A Simferopol, les russophones divisés sur l’avenir de la Crimée

Le référendum du 16 mars continue de diviser les Criméens. Au sein de la communauté russophone, certains se disent favorables au rattachement à la Russie, ils tiennent désormais le haut du pavé, et contrôlent tous les leviers politiques de la péninsule. Mais d’autres se disent souvent perplexes et même inquiets face au projet séparatiste.

Avec nos envoyés spéciaux à Simferopol, Daniel Vallot et Richard Riffonneau

Ils sont russophones, pro-russes et bien souvent nostalgiques de l’Union soviétique. Dans le camp pro-russe, c’est la frange la plus radicale de la mouvance séparatiste qui s’est emparée du pouvoir le 27 février, dans la confusion qui a suivi la chute de Vitkor Ianoukovitch. Et ce sont ces militants jusqu’au-boutistes que l’on retrouve, la plupart du temps, dans les rassemblements pro-russes et parmi ces milices « d’auto-défense » qui entourent désormais, les bâtiments publics de Crimée. « Pour moi, la Crimée n’a rien à voir avec l’Europe ou avec l’Ukraine, explique Anna, la cinquantaine, un ruban aux couleurs du drapeau russe dans les cheveux. Et depuis la fin de l’Union soviétique j’ai l’impression de vivre en territoire occupé… Je sais que ça peut paraître excessif de dire ça, mais c’est ce que je pense ».
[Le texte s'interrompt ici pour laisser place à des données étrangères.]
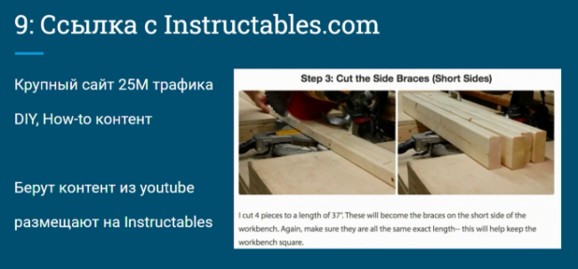Девятый способ — ссылки с instructables.com. Естественно, здесь вы можете находить аналогичные проекты. Просто instructables.com довольно крупный сайт. У него 25 миллионов посетителей в сутки по similarweb. Он публикует инструкции и мануалы. Берем контент и картинки из YouTube и размещаем на instructables.com, как свою инструкцию. По сути, чужой контент, но ставим ссылку на свой сайт.
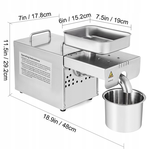 Prasa olejowa wykonana jest z silnika z czystej miedzi o mocy 460 W, co zapewnia wysoką wydajność. Poza tym hałas maszyny wynosi maksymalnie 60 db, co może cię trzymać z dala od hałasu.
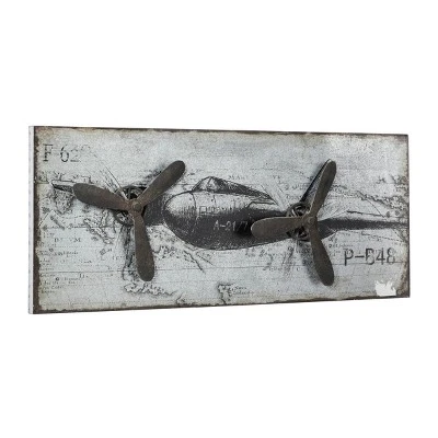 - Features a rectangular industrial themed decor with a large galvanized iron slab with a vintage airplane diagram reading "A-21/7" on its side and three dimensional propellers
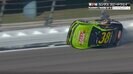 267周のレースは残り5周の時点でイエローコーションが出ていたため、延長して2周を追加する『オーバータイム』ルールが適用される。しかし、リスタートと同時に大きなアクシデントが発生した。16位を走行中だったゼイン・スミスの38号車のマシンが画面に映し出されると、なんとマシンが真横を向いた状態でウォールに張り付いたまま滑っていたのだ。解説のジャック・アマノ氏も「うわ」と驚きの声を漏らすと、2回横転してコース上で停車した38号車は、360度あらゆる部分が凹んだり削れたり、ボロボロの痛々しい姿に。さらにアマノ氏は「あんなに横になって走ってるの見たことないです」とコメントしている。
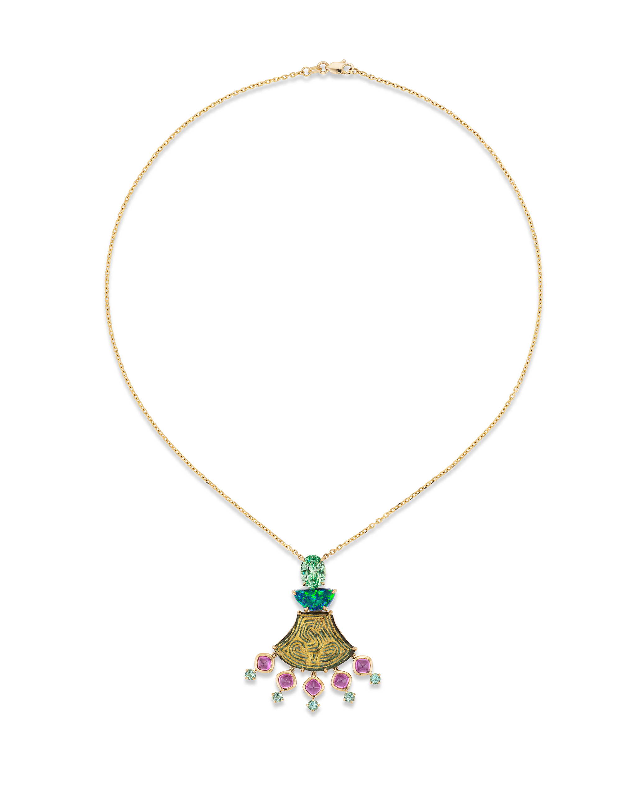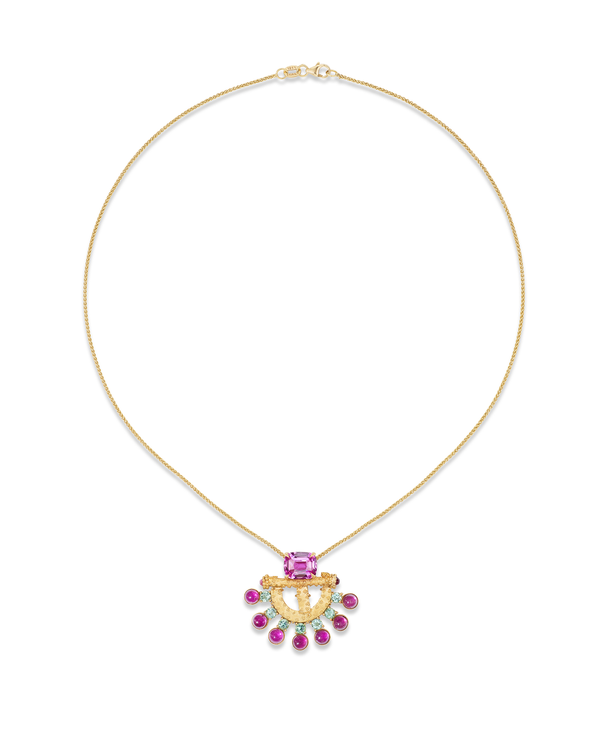 Unearthed from the currents of ancient ceremony, “The Granulated Goddess” pendant centers a Phoenician high-karat gold votive pendant that is axe-shaped and adorned with fine gold granulation. Crafted between 600–400 BC, this captivating fragment hails from the tradition of elaborate ceremonial necklaces on the ancient Mediterranean coast, where several such pendants—engraved with intricate geometric motifs and rich in goldsmith artistry—would drape a woman of privilege and influence. This pendant’s remarkable decorative technique finds echoes in treasures unearthed from Tomb 18 at the Les Casetes necropolis, Villajoyosa (Alicante), Spain, a testament to the Phoenicians’ vibrant trade and cultural legacy throughout the Iberian Peninsula. Part adornment, part symbol, it may once have been given as a wedding gift—conveying fortune, protection, and divine connection. Surrounding this ancient centerpiece, a selection of luminous gemstones brings modern allure: a no-heat pink sapphire (3.02ct), cabochon rubellite tourmalines (3.25 total carats), and teal round tourmalines (0.56 total carats), all set in 22k yellow gold. These combined elements celebrate the Phoenician legacy of cultural influence around the Mediterranean. (Photo courtesy of Rebecca Rau Jewels)
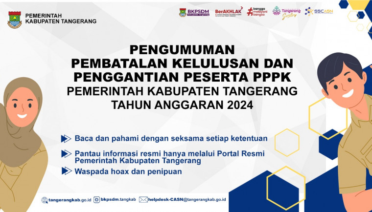 TENTANG PEMBATALAN KELULUSAN DAN PENGGANTIAN KELULUSAN PESERTA PENERIMAAN PEGAWAI PEMERINTAH DENGAN PERJANJIAN KERJA TENAGA KESEHATAN DAN TENAGA TEKNIS DI LINGKUNGAN PEMERINTAH KABUPATEN TANGERANG TAHUN ANGGARAN 2024

Pour les militants pro-russes les plus radicaux, la Crimée pouvait rester au sein de l’Ukraine tant que celle-ci faisait partie de l’Union soviétique, et qu’elle se trouvait de facto dans l’orbite politique de la Russie. A partir de 1991, et de l’effondrement de l’URSS, les séparatistes de Crimée ont donc commencé à donner de la voix, sans trouver un écho réel au sein de la population. C’est la Révolution orange, en 2004, puis celle de Maïdan, dix ans plus tard, qui a donné un nouvel élan au projet de rattachement à la Russie. « Moi j’ai peur de ce qui s’est passé à Kiev, avec la révolution de Maidan, raconte Tatiana, venue manifester devant le Parlement avec un groupe d’amis. Et ici en Crimée, nous ne voulons pas de Maïdan : ils veulent nous empêcher de parler russe, d’avoir la télé en russe. La Russie, nous lui avons demandé de nous aider : nous sommes très contents qu’elle soit intervenue, et qu’elle prenne en main le destin de la Crimée ! ».
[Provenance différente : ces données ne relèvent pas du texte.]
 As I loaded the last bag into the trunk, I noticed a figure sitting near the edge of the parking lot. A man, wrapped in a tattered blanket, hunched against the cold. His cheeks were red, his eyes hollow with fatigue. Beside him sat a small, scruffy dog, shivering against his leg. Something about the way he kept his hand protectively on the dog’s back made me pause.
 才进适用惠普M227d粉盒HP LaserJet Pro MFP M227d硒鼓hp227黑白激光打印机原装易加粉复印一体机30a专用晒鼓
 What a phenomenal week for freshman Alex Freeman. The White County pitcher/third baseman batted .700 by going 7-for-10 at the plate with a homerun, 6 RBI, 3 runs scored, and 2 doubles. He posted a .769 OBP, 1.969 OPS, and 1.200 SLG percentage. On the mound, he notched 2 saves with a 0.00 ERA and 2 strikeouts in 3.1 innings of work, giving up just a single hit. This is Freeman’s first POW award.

« Vivre dans un pays libre »

Mais tous les russophones de Crimée ne souhaitent pas quitter l’Ukraine, bien au contraire. Dès que l’on s’éloigne des rassemblements pro-russes, c’est un discours bien différent que l’on entend dans les rues de Simferopol. Un discours prudent, timide souvent, car les milices pro-russes qui se sont emparées de la rue depuis le 27 février effraient nombre d’habitants de Simferopol. Couronnes de fleurs dans les cheveux, drapeau ukrainien autour des épaules, Natalia refuse, elle, de se laisser impressionner. « Moi, je suis une russophone de Crimée, et je veux vivre dans une Ukraine libre. Je crois qu’avec ce qui s’est passé à Maïdan, nous avons la possibilité de bâtir une société démocratique. Mais avec la Russie, je ne pense pas que ce soit possible : je ne crois pas qu’en Russie nous aurions les mêmes droits et le même avenir ».
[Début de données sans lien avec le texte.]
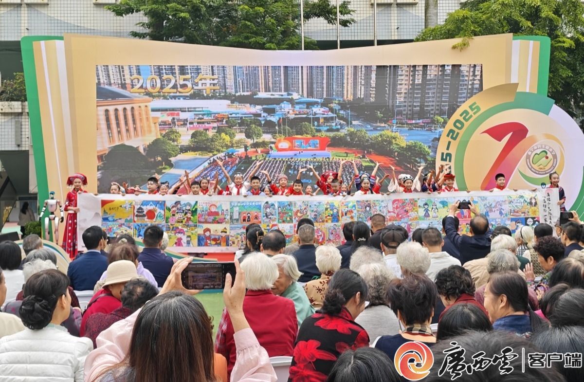 南寧市民主路小學舉行建校七十周年慶祝活動。記者 李香瑩 實習生 王思 攝制 七十載櫛風沐雨,七秩薪火相傳。11月11日,南寧市民主路小學以“七秩正芳華・同心向未來——薪火相傳七十載・砥礪奮進譜新篇”為主題,舉行建校七十周年慶祝活動。 步入校門,退休教師、校友們在“時光簽名墻”上留下筆跡,在參觀科創藝術展、領取紀念信箋的過程中,重溫歲月溫情。人群中,一群銀發長者格外引人注目——他們是南寧市民主路小學的首屆學子。“感謝母校培養,愿母校越來越好。”首屆學子唐永平簡單的話語,道出無數校友共同的心聲。

à (re)lire: Journée de manifestations en Ukraine

Avec l’appui de la minorité ukrainienne, et celui des Tatars de Crimée, farouchement opposés au rattachement à la Russie, les russophones pro-Ukraine s’estiment majoritaires au sein de la population de Crimée. Mais la plupart d’entre eux s’apprêtent à boycotter le référendum du 16 mars, ouvrant ainsi un boulevard à leurs adversaires pro-russes. « Ce référendum a été décidé par un Parlement qui n’a aucune légitimité politique, sous la pression des armes, explique Sergeï, rencontré dans un rassemblement pro-Ukraine. Y participer, ce serait gravissime, car cela reviendrait à dire que nous reconnaissons ce nouveau pouvoir, et la validité de ses décisions ». Le camp pro-Ukraine mise donc sur une abstention massive, le 16 mars prochain, pour ôter toute légitimité à ce référendum « illégal et illégitime ».